Let’s begin by looking at some of the things the reports said. Firstly, there was this:
“Mum who didn’t like her child’s middle name wins right to have it removed in challenge costing thousands in legal aid”
Followed by this:
“The mum was handed thousands of pounds of taxpayers’ money to fight the dad in a family court”
And then there was this:
“A mother who no longer liked her child’s middle name used legal aid to remove it”
And finally we were told that:
“The decision to grant legal aid was criticised by Conservative MP Philip Hollobone last night who said there were ‘more deserving cases’ for taxpayers money to spend on’, in an apparent reference to the parents of tragic Charlie Gard – who were denied financial help. “I find it really surprising that public money has been used in this way. There are far more deserving cases than this one,’” said Mr Hollobone.”
I could go on, but I think those extracts provide a sufficient flavour.
OK, there are so many things wrong with all of this that it is difficult to know where to begin.
I suppose the starting-point must be a consideration of the availability of legal aid. We are not told how long the case has been going on, but prior to April 2013 legal aid would have been available for private family law cases dealing with arrangements for children, such as this one. Since April 2013 legal aid has only been available for private law family case where there is evidence of domestic violence or abuse, or child abuse. So, if the mother applied for legal aid after the change then there must have been an element of abuse in the case. When the government made the reductions to legal aid availability, it specifically decided that it should remain available in cases involving abuse – in other words, if the mother applied for legal aid after the change, then hers was a case deserving of legal aid.
There is also an indication contained in the report of the case (which you can find here) that the mother had “continued to receive public funding [i.e. legal aid] in relation to a further application arising out of the child arrangements order”. There was therefore more going on in the case than just the issue relating to the child’s middle name. How can anyone criticise the grant of legal aid without knowing what that issue was?
Even in relation to the name issue, it is misleading to say that the mother wanted it changed simply because she “no longer liked” the name. There was a specific concern that the name now had bad connotations, which could adversely affect the child’s welfare. And remember that the court agreed with this. Again, how can the grant of legal aid in such circumstances be the object of criticism? Isn’t the welfare of a child sufficiently important?

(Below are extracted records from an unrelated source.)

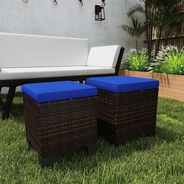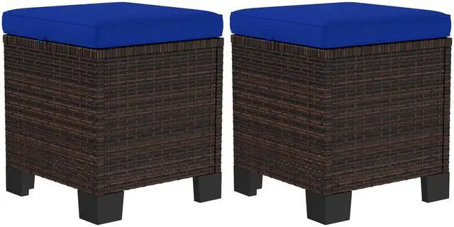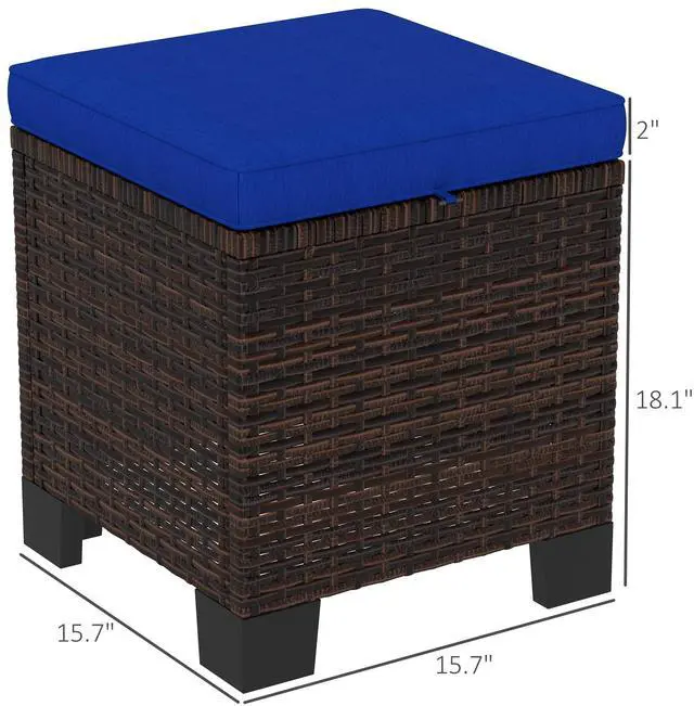 • Aosom 2 Piece Wicker Outdoor Ottomans with Cushions, Rattan Ottoman Footrest and Side Table for Patio, Yard, Poolside, Dark Blue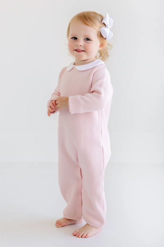 Poppy Dell Playsuit, Quilted, Palm Beach Pink with Worth Avenue White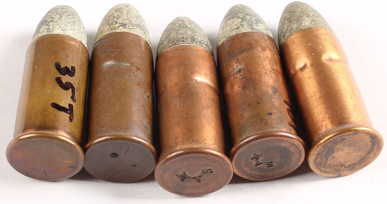 Lot of 5. 56-52 Spencer Rimfire. (3) HS:''SAW'' impressed.. (3) NHS---one has 3 tick marks and another has no bullet crimps on case. All Semi Point Lead. - Value: 50 to 100
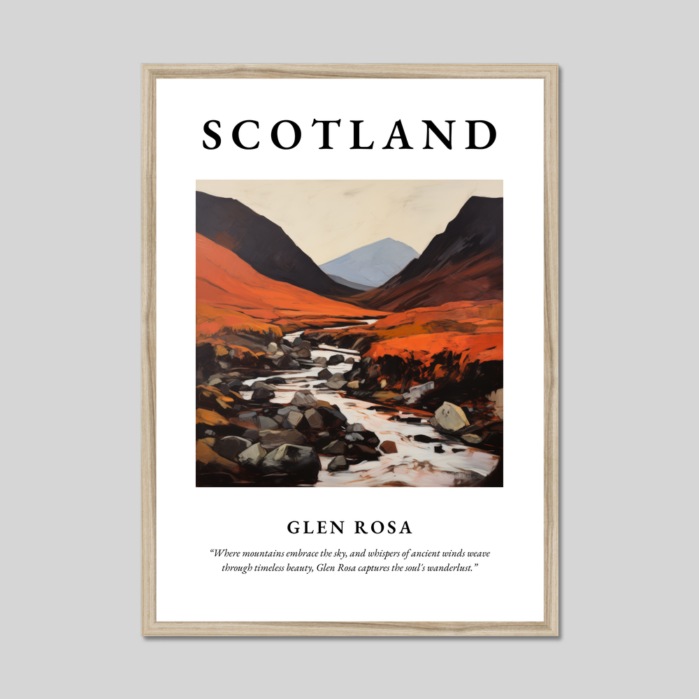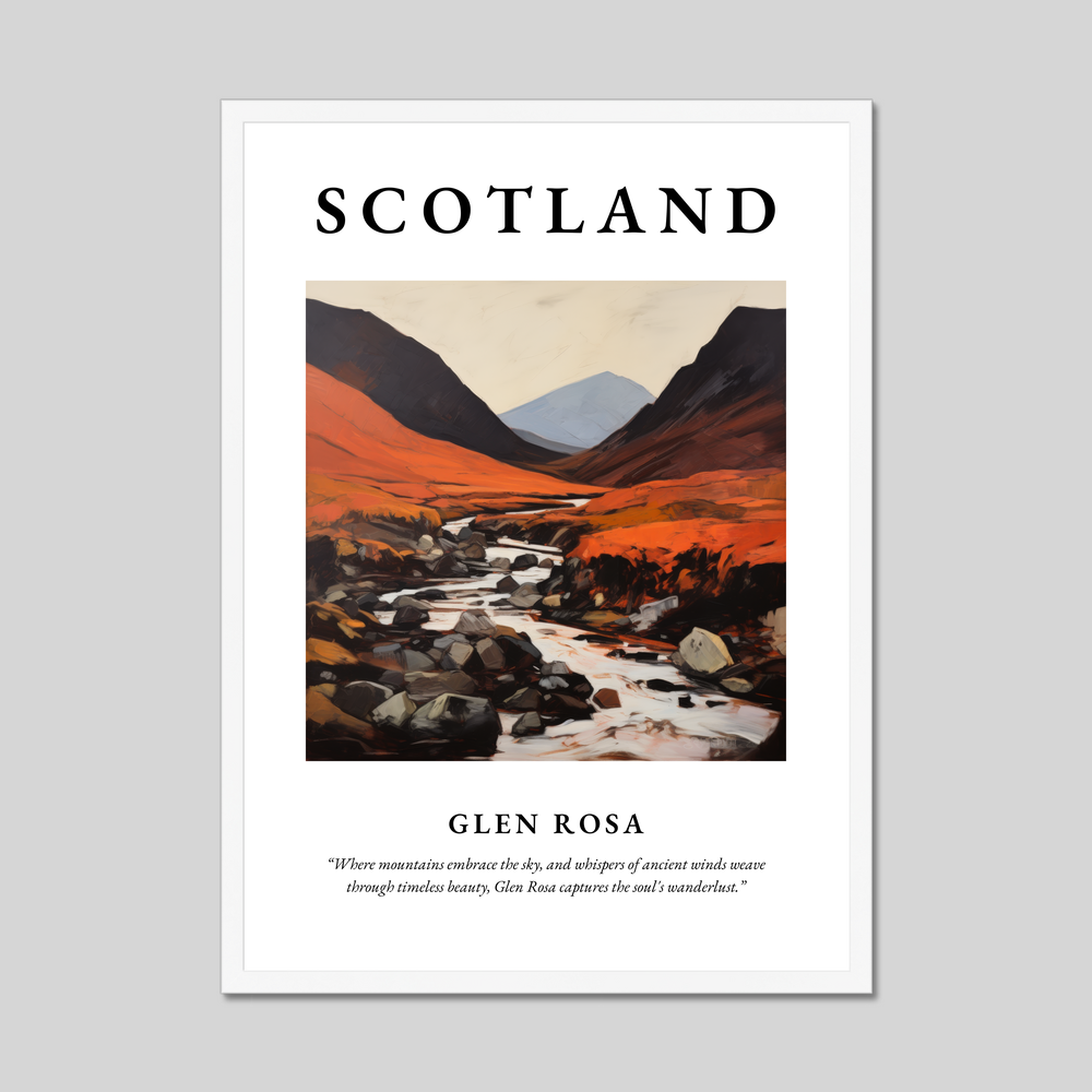 Available in a sleek black, crisp white, or natural wood-effect frame, each option complements the bold, expressive style of the artwork. The word "SCOTLAND" stands proudly at the top, guiding you into the vivid portrayal of Glen Rosa below. In the painting, dynamic brushstrokes and a vibrant colour palette encapsulate the raw beauty and emotion typical of Expressionism, inviting both art lovers and admirers of Scottish landscapes to explore its depths.

Moving on, we had the usual nonsense of the legal aid money being “handed” to the mother. It was not handed to her. In fact, she would never have seen the money, which would have gone direct to her lawyers. There is also speculation about the amount involved, with the reports saying it ran into the “thousands”. It probably did, but this is complete speculation – the papers will have had no information as to the exact amount involved.
The papers also conveniently fail to mention that the mother’s legal aid did not cover the father’s appeal against the order. Neither the mother nor the father were represented on the appeal. The taxpayers’ money did not cover the entirety of the mother’s “fight”.
And then finally there are the crass comments of the MP. Clearly without full information of the case (remember the report of the case is deliberately vague, and part of the judgment was redacted), he decided that this was not a deserving case, and irrelevantly compared it to another, entirely different, case. An MP should really know better than this, although I have to say that I am not surprised.
In short, there was no scandal involved here. Legal aid was granted in accordance with the rules that the government itself laid down, and was fully ‘deserved’. Even if it was not, is it really beneficial to get into an argument as to what specific cases are deserving and what aren’t? By all means have that discussion in general terms, but to involve real individuals and their cases and suggest that they were not deserving of public money is at best an unnecessary intrusion and at worst extremely distressing for those individuals.